§ **INPUT DATA**:
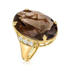 20.00 Carat Smoky Quartz and 1.60 ct. t.w. White Zircon Ring in 18kt Gold Over Sterling
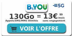 Vous préférez bénéficier d'une enveloppe data plus élevée ? Alors le forfait B&You à 13,99€ par mois devrait vous intéresser. Il vous fournit :
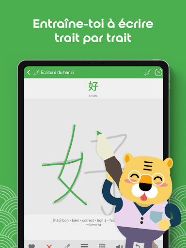 ● Tu apprendras à écrire: un système d'écriture avancé avec correction automatique te permettra d'apprendre facilement à écrire n'importe quel caractère chinois trait par trait.
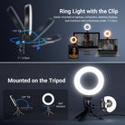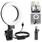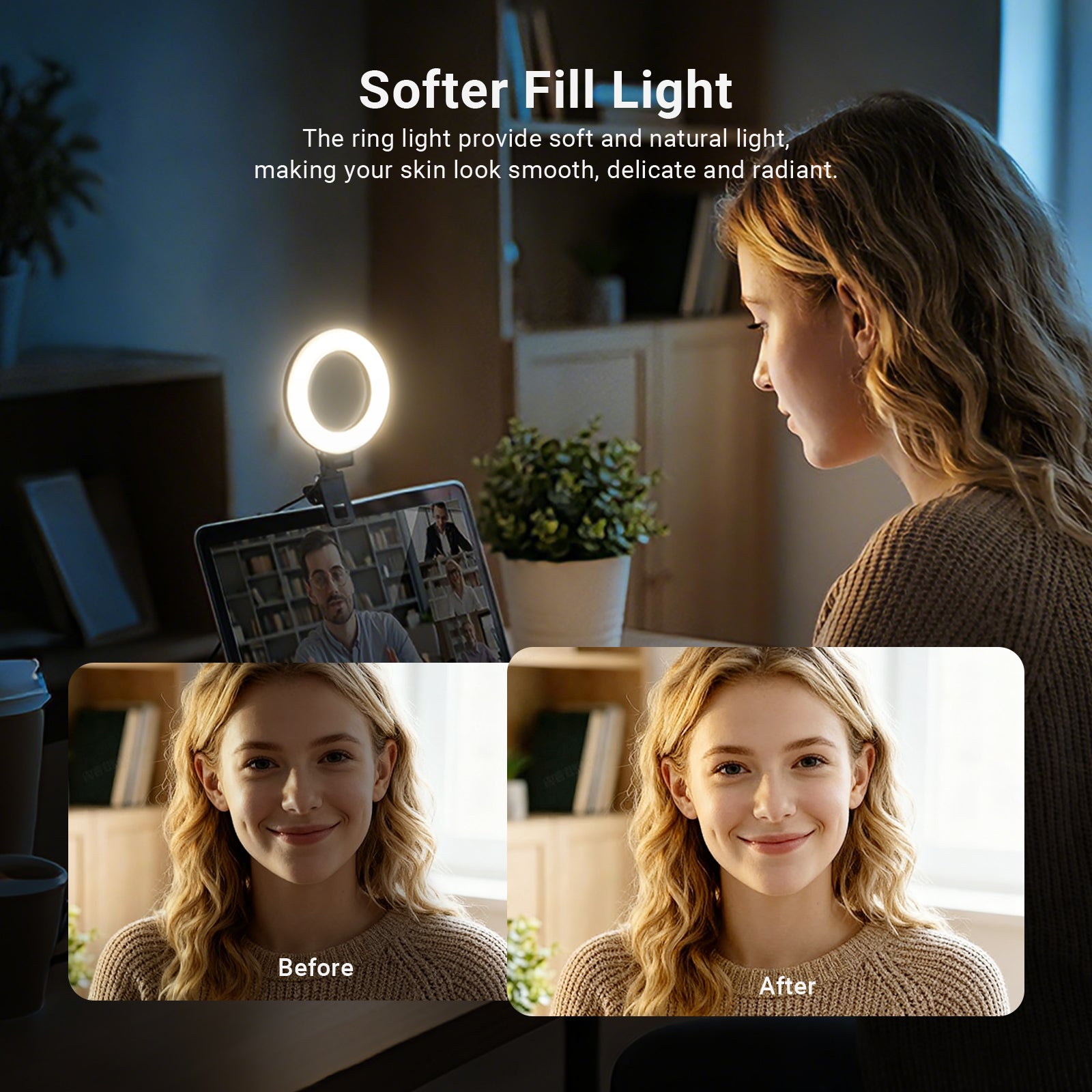 • Léger et portable : ce mini trépied robuste supporte jusqu’à 3 kg et peut être utilisé avec d’autres éclairages LED, microphones ou moniteurs grâce à sa vis 1/4". L’anneau lumineux avec pince pèse 131 g, tandis que le poids combiné de l’anneau lumineux et du trépied est de 188 g. Léger et démontable, il est idéal pour une utilisation nomade.

§ **WORK REQUEST**: Leave the pictures out and retype only the lines from the line with "Vous préférez bénéficier" through the final line of the material, both ends included, word for word.

§ **SOLUTION BELOW**:
 Vous préférez bénéficier d'une enveloppe data plus élevée ? Alors le forfait B&You à 13,99€ par mois devrait vous intéresser. Il vous fournit :
 ● Tu apprendras à écrire: un système d'écriture avancé avec correction automatique te permettra d'apprendre facilement à écrire n'importe quel caractère chinois trait par trait.
 • Léger et portable : ce mini trépied robuste supporte jusqu’à 3 kg et peut être utilisé avec d’autres éclairages LED, microphones ou moniteurs grâce à sa vis 1/4". L’anneau lumineux avec pince pèse 131 g, tandis que le poids combiné de l’anneau lumineux et du trépied est de 188 g. Léger et démontable, il est idéal pour une utilisation nomade.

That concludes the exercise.